How the NBA Should Address Mental Health in its Next Collective Bargaining Agreement
By: Adam Brodsky
Professional North American sports leagues are not immune to intense labor disputes between billionaire owners and millionaire athletes. In contrast to its major counterparts in Football and Baseball, the National Basketball Association, the premiere professional basketball league in the world, has cultivated a reputation as being mostly “player-friendly” over the last several years. Aside from the apparent economic gains that have come with improved labor relations, the NBA has been at the forefront of addressing the mental health concerns of its athletes. This issue had been previously ignored or diminished in cultural and professional settings. High-profile players have openly detailed their mental health struggles, and Commissioner Adam Silver has publicly addressed concerns of “player unhappiness.” In response, in conjunction with the National Basketball Players Association, the NBA has attempted to integrate mental health programs and wellness initiatives into its professional itinerary. Despite this momentum, or perhaps in light of it, the NBA will soon face its most challenging confrontation with players' mental health.

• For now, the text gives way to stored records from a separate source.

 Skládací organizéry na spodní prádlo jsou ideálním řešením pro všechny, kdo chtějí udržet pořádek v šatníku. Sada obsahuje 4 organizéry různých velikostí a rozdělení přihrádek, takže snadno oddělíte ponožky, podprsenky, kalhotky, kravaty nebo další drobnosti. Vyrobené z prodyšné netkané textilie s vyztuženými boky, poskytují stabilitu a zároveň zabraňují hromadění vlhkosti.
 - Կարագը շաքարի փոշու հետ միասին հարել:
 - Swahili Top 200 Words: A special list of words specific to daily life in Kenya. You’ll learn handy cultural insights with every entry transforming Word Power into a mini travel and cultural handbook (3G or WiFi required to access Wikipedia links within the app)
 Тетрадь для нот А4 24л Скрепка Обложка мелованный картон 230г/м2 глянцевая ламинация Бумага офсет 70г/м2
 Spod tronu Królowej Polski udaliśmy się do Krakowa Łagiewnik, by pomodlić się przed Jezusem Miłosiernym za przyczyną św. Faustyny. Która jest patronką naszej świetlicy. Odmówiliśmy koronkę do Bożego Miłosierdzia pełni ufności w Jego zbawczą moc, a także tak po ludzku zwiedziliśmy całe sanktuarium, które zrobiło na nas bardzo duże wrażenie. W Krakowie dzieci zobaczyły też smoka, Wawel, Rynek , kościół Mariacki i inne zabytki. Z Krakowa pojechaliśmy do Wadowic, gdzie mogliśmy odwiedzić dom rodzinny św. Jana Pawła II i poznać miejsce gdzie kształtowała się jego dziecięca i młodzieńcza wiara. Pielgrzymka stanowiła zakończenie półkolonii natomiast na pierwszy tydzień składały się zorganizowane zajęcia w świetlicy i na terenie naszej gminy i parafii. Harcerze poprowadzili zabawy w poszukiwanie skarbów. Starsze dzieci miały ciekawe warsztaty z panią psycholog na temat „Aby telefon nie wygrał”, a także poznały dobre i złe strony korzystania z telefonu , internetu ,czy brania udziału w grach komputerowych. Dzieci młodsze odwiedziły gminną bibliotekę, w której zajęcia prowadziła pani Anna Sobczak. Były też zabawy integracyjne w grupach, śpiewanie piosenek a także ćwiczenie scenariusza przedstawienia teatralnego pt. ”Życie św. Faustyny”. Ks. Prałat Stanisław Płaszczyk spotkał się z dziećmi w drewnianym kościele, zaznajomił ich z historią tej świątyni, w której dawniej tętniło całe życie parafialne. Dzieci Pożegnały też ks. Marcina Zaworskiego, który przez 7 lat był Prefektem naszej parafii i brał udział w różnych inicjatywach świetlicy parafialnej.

A central and nearly unmovable tenet of NBA player contract negotiation is the guaranteeing of players’ base compensation even if the player is unable to play due to injury. However, the Collective Bargaining Agreement between the NBA and NBPA has stipulated that “when a player fails or refuses, without proper and reasonable cause or excuse, to render the services required” by their contract, his team can withhold a portion of his salary. Universally, legitimate physical injury is considered a “proper and reasonable cause” for which salary may not be denied. Considering the NBA’s public stance on players' mental health and wellbeing, it would be quite cynical for the league to withhold payment if a player cannot play due to a mental illness or mental health episode. Recently, however, Ben Simmons, now a member of the Brooklyn Nets, filed a grievance against his former team, the Philadelphia 76ers, to recover the nearly $20 million it withheld due to his refusal to play or participate in team activities. Simmons asserts that he was not mentally fit to return or play for the team and that the negative publicity he received exacerbated his mental condition. Without further context, this should seemingly result in a clear victory for Simmons and the NBPA; however, Simmons only alerted the team of his mental health struggles several months after he had requested a trade. Cynical media members and fans allege that Simmons is disrespectfully augmenting a mental health problem to recover the money the 76ers denied him.

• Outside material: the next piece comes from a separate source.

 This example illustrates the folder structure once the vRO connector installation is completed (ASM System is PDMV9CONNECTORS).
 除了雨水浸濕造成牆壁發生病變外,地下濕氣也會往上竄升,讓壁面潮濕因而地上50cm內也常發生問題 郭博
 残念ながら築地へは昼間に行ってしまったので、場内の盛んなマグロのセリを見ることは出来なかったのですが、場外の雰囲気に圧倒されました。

Furthermore, Simmons’ demand to be traded from his team is part of a concerning trend in the NBA, in which players, obligated to perform under their contracts, engender organizational disharmony in the hope that they will be traded to a more desirable location. Critics of Simmons are concerned that if he can recover his full $20 million, a new template for disgruntled players will emerge: All a player must do is demonstrate a mental unfitness to play in order to recover monies withheld by the team, essentially leaving organizations with no leverage against a recalcitrant player. Furthermore, what if a player is able to demonstrate that being with his current team causes him mental anguish and renders him unfit to play for the team? Such a scenario would be entirely untenable and effectively neutralize any breach-of-contract recourse that a team would employ.
The expiration of the NBA’s current CBA in 2023 will provide the opportunity to renegotiate this controversial issue so that disgruntled players will not be able to wield “mental health” as a contract-defeating sword. Perhaps the solution rests in adopting, to some extent, the minimally-unionized sports employment regime of the English Premier League, the top level of the English football league system. Some established standards guide player contracts in the Premier League; for instance, the contract must include provisions detailing the length of the contract, the compensation of the player, and the commercial use of the player’s image. However, within these minimal requirements, football clubs and players have total freedom to negotiate these provisions in any matter they please. Clubs and players have tremendous latitude in determining the structure of each contract, and the parties may tailor the contract to contemplate the potential risks and rewards as relevant to the individual player.
Following the English Premier League template, the NBA should carve out mental health from serving as a “proper and reasonable cause” for a player’s failure to render services. Under this rubric, Simmons and similarly situated players cannot unequivocally utilize mental illness to permissibly violate their player contracts. That is not to say that mental illness should have no application in determining whether a player should be financially penalized for an inability to render services. In this regard, players and their respective teams should have the freedom to privately negotiate the terms of any mental health provisions in a contract. Such a regime will allow the player and team to freely contemplate the likelihood and magnitude of a player’s potential discontent and install provisions that individually address matters of mental health. This article is not meant to question the legitimacy of Simmons’ mental health claims but rather to enshrine mental health and wellness as an institution that should not be the subject-matter of contractual and legal disputes. Mental health is an incredibly sensitive area that should not be left to speculation; excluding it from the CBA’s “proper and reasonable cause” provision will preserve its sanctity.
Adam Brodsky is a 2L at Cardozo School of Law. Before attending law school, Adam attended Yeshiva University.